The Brainsway deep TMS (transcranial magnetic stimulation) employs a patented H1 coil which differs from all other TMS devices on the market that use a figure 8 coil. This figure 8 coil stimulates the brain more superficially and narrowly. The Brainsway device was developed to reach more broadly and deeper into the brain where many of the structures associated with mood and other brain disorders lie.

The unpatented figure 8 coil has been in use since the 1990s and FDA approved after 2 tries in the US in 2008. The following companies use this technology: Neurostar, Magstim, MagVenture, eNeura. In fact anyone can build and market this coil as it is not patented.The Brainsway H1 coil deep TMS was developed later, patented in 2004, and FDA approved in the US in 2013 after one application. An increasing number of providers who previously used the figure 8 coil standard or superficial TMS have switched to The Brainsway H1 coil deep TMS. I will refer to this device (The Brainsway) simply as dTMS or deep TMS. dTMS targets the areas associated with depression more broadly and deeply and are more likely to not miss key areas of the brain. This allows the physician to feel more confident in the accuracy of treatment and the improvement in the results. 

With standard or superficial TMS, the accuracy of treatment is more in question. The actual reported response and remission rates vary between studies, but in a large pooled data study 29.3% of patients responded to standard TMS with a 18.6% remission rate (1). With dTMS the response rate is between 38-46% and the remission rate is 33% (2). With continuation therapy of 18 additional weeks, the response rate for dTMS climbs to 81% with a remission rate of 71% (3). It does appear that more is better over time. These are remarkable numbers. The area being treated isn’t an exact spot in the brain. It’s more of an area with multiple connections and individual variability. dTMS is more likely to hit the area in question. dTMS, also does not need to increase the neurostimulation beyond what is tolerable to the patient to achieve these results. With the standard TMS, the stimulation levels would have to be increased beyond what is tolerable to the patient to increase it’s reach in the brain.
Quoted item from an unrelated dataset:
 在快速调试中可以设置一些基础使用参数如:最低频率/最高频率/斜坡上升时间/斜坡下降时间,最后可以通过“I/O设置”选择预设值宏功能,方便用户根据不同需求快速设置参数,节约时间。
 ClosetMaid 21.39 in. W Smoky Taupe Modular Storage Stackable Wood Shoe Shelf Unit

Deep TMS treatment sessions only last 20 minutes whereas superficial TMS sessions range from 37-55 minutes in length. dTMS has a similar tolerability to superficial TMS. The drop out rates may be slightly better for dTMS, if not the same as standard TMS. The bottom line is that deep TMS achieves equal or better results, with shorter sessions and similar tolerability.

Because dTMS penetrates deeper and more broadly than standard TMS, there are many other indications that are being studied world wide for this exciting new technology. These include, but are not limited to post traumatic disorder (PTSD), obsessive compulsive disorder (OCD), attention deficit disorder (ADD), addictions (cocaine, nicotine, gambling), bipolar disorder, negative symptoms of schizophrenia, autism, parkinson’s disease, Alzheimer’s, stroke victims and pain disorders. These other indications do not yet have FDA approval and would be considered “off label” treatments for TMS and wouldn’t be covered by insurance. This is likely to change in the future as there are over 60 world wide multi center trials ongoing studying these indications. In Europe, TMS is being used more broadly to treat these conditions.
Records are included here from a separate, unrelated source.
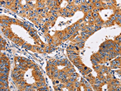 • The image on the left is immunohistochemistry of paraffin-embedded Human gastic cancer tissue using CSB-PA235954(ADH1A Antibody) at dilution 1/25, on the right is treated with fusion protein. (Original magnification: ×200)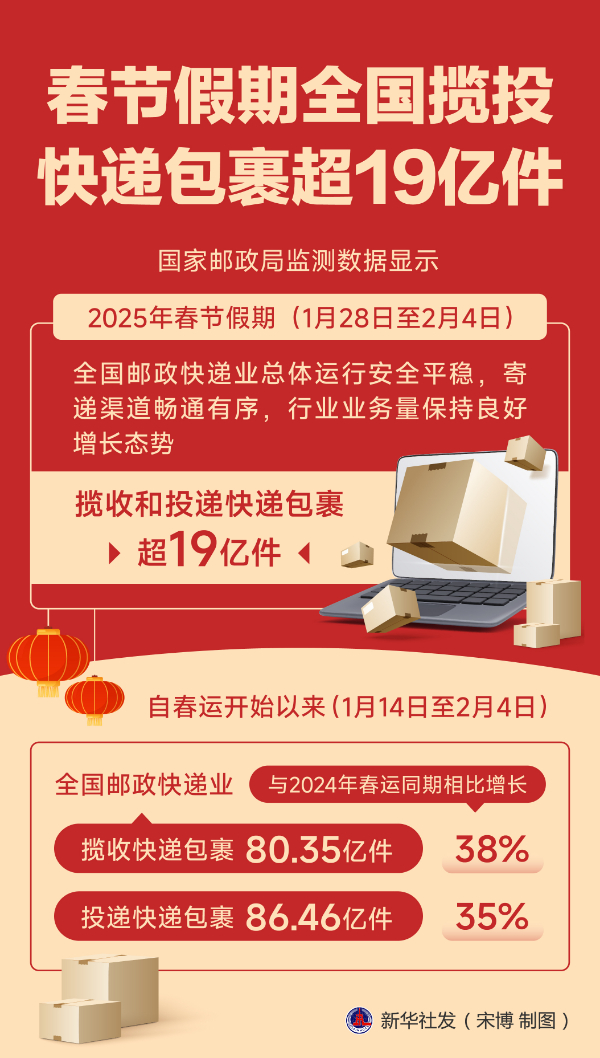 快递包裹量的良好增长,进一步凸显邮政快递业保通保畅、递送温暖的积极作用。特别是自春运开始以来(1月14日至2月4日),全国邮政快递业揽收快递包裹80.35亿件,与2024年春运同期相比增长38%;投递快递包裹86.46亿件,与2024年春运同期相比增长35%。一件件包裹不仅承载了温情与祝福,也激发了消费市场的活力与潜力。
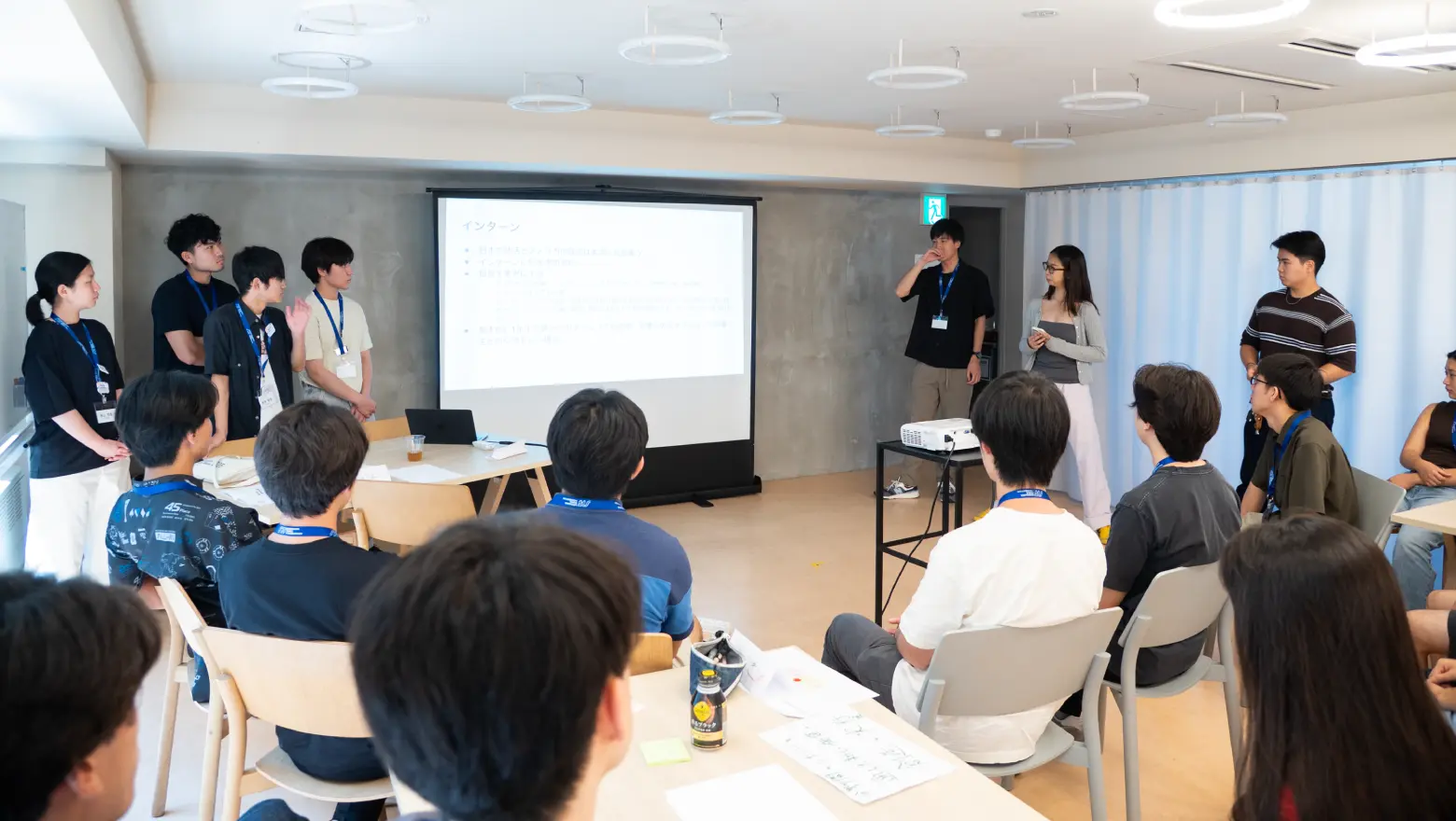 研修ではチームビルディングなど様々なワークショップに挑戦。英語のスピーチトレーニングではトレーナーによるアドバイスのもと、原稿を作成し、仲間の前でそれぞれがスピーチを披露しました。

With the advantages of coming onto the market a little later than standard TMS, the Brainsway device has the wisdom to produce a 2nd generation patented coil that is superior in it’s efficacy, shorter treatment duration and versatility. In fact, Brainsway is developing specific coil technologies for each indication, rather than one size fits all. The future of dTMS is very exciting for patients who have had to suffer with limited treatment choices. There is now a noninvasive, well tolerated, safer alternative. For these reasons, I have made the switch from standard TMS to deep TMS.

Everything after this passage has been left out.